**Problem to work on**
Stop at the line that contains "- Господь все". Until then, set down each line of the records exactly, beginning with the first, and skip pictures.

══ The input

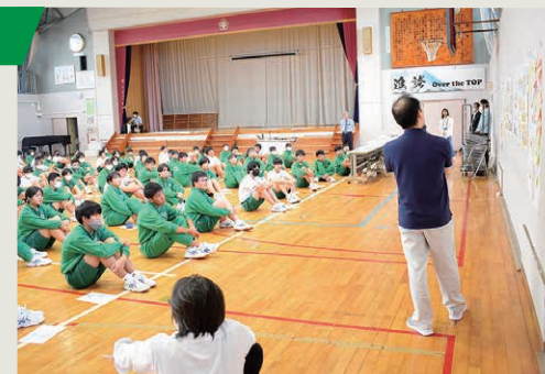
張り出したポスターの説明を聞く生徒達

全校生徒133名と先生方22名の合計155名にご参加いただきました。ローテーションで校舎内の各会場を巡回する方式で実施。自分たちの学校がどのようになるのに興味を持った生徒が多く、また、現校舎は将来的に解体されて無くなってしまいますので、校舎について振り返る「学校マップ」作成を真剣に取り組む様子が見られました。
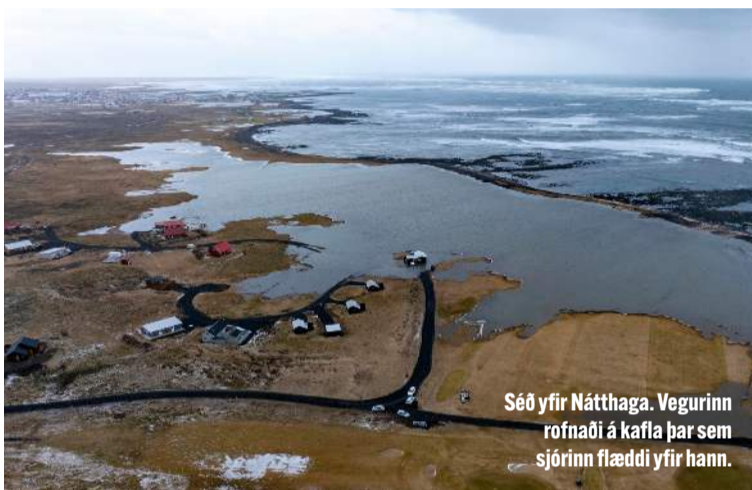
Séð yfir Nátthaga. Vegurinn rofnaði á kafla þar sem sjórinn flæddi yfir hann.
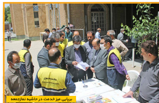
برپایی میز خدمت در حاشیه نمازجمعه
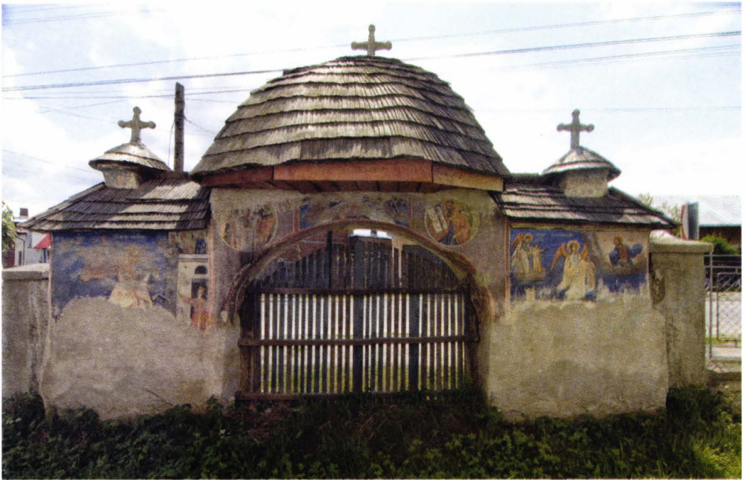
II. 14. Poarta de zid a bisericii vechi din Domneștii de Sus. Fațada nord. Foto 2006
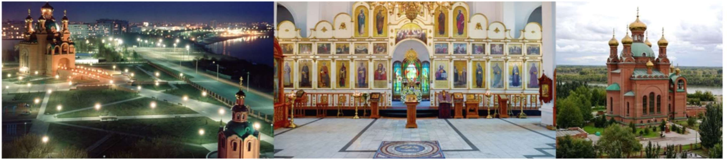
Благовещенский кафедральный собор города Павлодара

- Господь все устроит, только молись! Своими словами, от сердца старайся постоянно в своих мыслях молиться Иисусу Христу и Божьей Матери! Когда вернёшься домой, найди православный храм и ходи туда каждую неделю. Не торопись, присмотришь, что делают люди в храме, то и ты делай. Но главное – всегда молись, и Бог тебя не оставит!
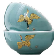
Пиала селадоновая 50мл 1 800 тг/шт
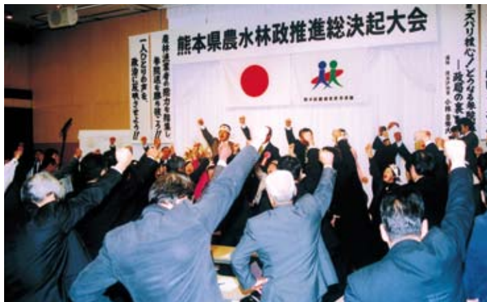
力こめでのガンバロー三唱

国会に送り込んでほしい」と表明した。 午後からは、政治評論家・小林吉弥氏による「ズバリ核心！どつたる参議選——政局の裏」と題し講演が行なわれた。 最後に、高濱県青協委員長の発声より、「二人の勝利」をめざし、全員でガンバロー三唱を行った。

════

**Answer box**
張り出したポスターの説明を聞く生徒達

全校生徒133名と先生方22名の合計155名にご参加いただきました。ローテーションで校舎内の各会場を巡回する方式で実施。自分たちの学校がどのようになるのに興味を持った生徒が多く、また、現校舎は将来的に解体されて無くなってしまいますので、校舎について振り返る「学校マップ」作成を真剣に取り組む様子が見られました。
Séð yfir Nátthaga. Vegurinn rofnaði á kafla þar sem sjórinn flæddi yfir hann.
برپایی میز خدمت در حاشیه نمازجمعه
II. 14. Poarta de zid a bisericii vechi din Domneștii de Sus. Fațada nord. Foto 2006
Благовещенский кафедральный собор города Павлодара

- Господь все устроит, только молись! Своими словами, от сердца старайся постоянно в своих мыслях молиться Иисусу Христу и Божьей Матери! Когда вернёшься домой, найди православный храм и ходи туда каждую неделю. Не торопись, присмотришь, что делают люди в храме, то и ты делай. Но главное – всегда молись, и Бог тебя не оставит!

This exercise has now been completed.